# Basic plotting 
## Examples of typical plots used to look at CTSM variables

This tutorial uses [xarray](https://docs.xarray.dev/en/stable/user-guide/terminology.html) and [matplotlib](https://matplotlib.org/stable/index.html) to create several types of plots. You will find examples for how to:

1. Load datasets with xarray
2. Manipulate data & make plots for:
> 2.1 Raw dataset; <br>
> 2.2 Diel averages for given months of the year; <br>
> 2.3 Daily and annual fluxes; and <br>
> 2.4 Annual climatologies
3. Export data to other file types (*e.g., .csv files*).

------

**This tutorial uses a Jupyter Notebook.** 
For more information on Jupyter notebooks please see the information in the Getting Started tutorials or visit the [Jupyter Notebook Quick Start Guide](https://jupyter-notebook-beginner-guide.readthedocs.io/en/latest/what_is_jupyter.html). 

***

# 1. Load Datasets

## 1.1 Load Python Libraries
It is necessary to start by loading in the libraries that will be used in the script. Note that this list is a good starting point for most of your plotting needs. Not all the libraries loaded here will be used in this tutorial.


In [None]:
import os
import time
import datetime

import numpy as np
import pandas as pd
import xarray as xr

from glob import glob
from os.path import join

import matplotlib
import matplotlib.pyplot as plt
import matplotlib.dates as mdates

from neon_utils import fix_time_h1

# suppress Future Warnings that are annoying...
import warnings
warnings.simplefilter("ignore", category=FutureWarning)

In [None]:
print('numpy '+np.__version__) ##-- was working with 1.23.5
print('pandas '+pd.__version__) ##-- was working with 1.5.3
print('xarray '+xr.__version__) ##-- was working with 2023.1.0

## 1.2 Point to history files 

### 1.2.1 Where are my simulation results?
When you run simulations, history files are all saved in the archive directory within your scratch directory. For the NEON simulations, this directory is `/scratch/NEON_cases/archive/`.

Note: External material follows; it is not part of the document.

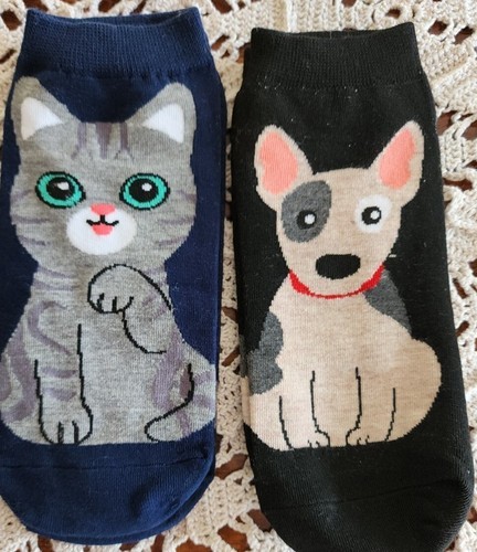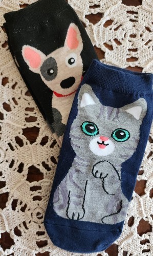 - Two (2) Pair ~ Animal Print ~ 1-Cat ~ 1-Dog ~ Knit ~ Ankle Socks (5)

We can print a list of the simulations in this directory. Because this is a python script and we want to use a [bash](https://opensource.com/resources/what-bash) command, we have to use bash magic, `%%bash` or `!` which turns the python cell block below into a bash cell.  

In [None]:
%%bash
ls ~/scratch/NEON_cases/archive/

#### Alternatively, we have all these cases you can run

In [None]:
%%bash
ls /scratch/data/NEONv2/hist/



---

### 1.2.2 Point to the data folder with history files 
**The below code sets the following:**
- the NEON site; 
- the path to the archive directory;
- and the subdirectory with data.

**To Do:**
In the code below, change the name of the NEON site you simulated and want to create plots for

In [None]:
neon_site = 'KONZ'  #NEON site we're going to look at
archive = '~/scratch/NEON_cases/archive' #Path to archive directory

# Alternatively, prestaged data from all NEON sites are here
# archive = '/scratch/data/NEONv2/hist/'

# this unpacks the and expands the shortcut we used above
archive = os.path.realpath(os.path.expanduser(archive)) 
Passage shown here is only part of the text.